Rudy Kraft, under appointment by the Court of Appeal, for Defendant and
Appellant.
Rob Bonta, Attorney General, Cheryl L. Feiner, Assistant Attorney General,
Gregory D. Brown and Anthony C. Pinggera, Deputy Attorneys General, for Plaintiff and
Respondent.
-ooOoo-
* Before Peña, Acting P. J., Smith, J. and Snauffer, J.
A.A. is a patient civilly committed under the Sexually Violent Predator Act
(SVPA) (Welf. & Inst. Code, § 6600 et seq.), committed at the State Department of State
Hospitals at Coalinga (DSH). DSH petitioned for an order compelling involuntary
treatment of A.A. with psychotropic medication. That petition was granted and A.A.
appeals.
On appeal, A.A.’s counsel has filed an opening brief requesting this court conduct
an independent review pursuant to People v.
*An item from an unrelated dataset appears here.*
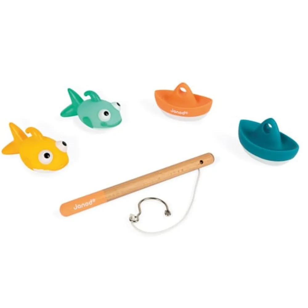 Een leuke set van Janod bestaande uit een hengel, 2 bootjes en 2 visjes om op te hengelen. Pak de boten en kleine visjes zo snel mogelijk. Ideaal om in bad de behendigheid en de concentratie te ontwikkelen.

Wende (1979) 25 Cal.3d 436 and Anders v.
California (1967) 386 U.S. 738. In the alternative, A.A.’s counsel has outlined the
applicable law pursuant to Conservatorship of Ben C. (2007) 40 Cal.4th 529 (Ben C.),
and requested that we exercise our discretion to conduct an independent review. 1 The
People contend that we are not compelled to review the matter pursuant to Wende and
Anders and we should decline to review the matter pursuant to Ben C. We exercise our
discretion to conduct an independent review. Finding that no reasonably arguable factual
or legal issues exist, we dismiss A.A.’s appeal.
PROCEDURAL SUMMARY
On June 5, 2009, A.A. was committed to DSH pursuant to Welfare and
Institutions Code section 6600 et seq.
On December 16, 2020, DSH filed a petition to compel A.A. to submit to
involuntary psychotropic medication pursuant to In re Calhoun (2004) 121 Cal.App.4th
1315.
The trial court conducted a hearing on the petition on March 15, 2021, April 26,
2021, and April 27, 2021. On April 27, 2021, the court concluded that A.A. did not
“fully understand the risks … of stopping the medications.” He was able to “evaluate
some of the information [regarding his treatment], but … [was] not completely [able to]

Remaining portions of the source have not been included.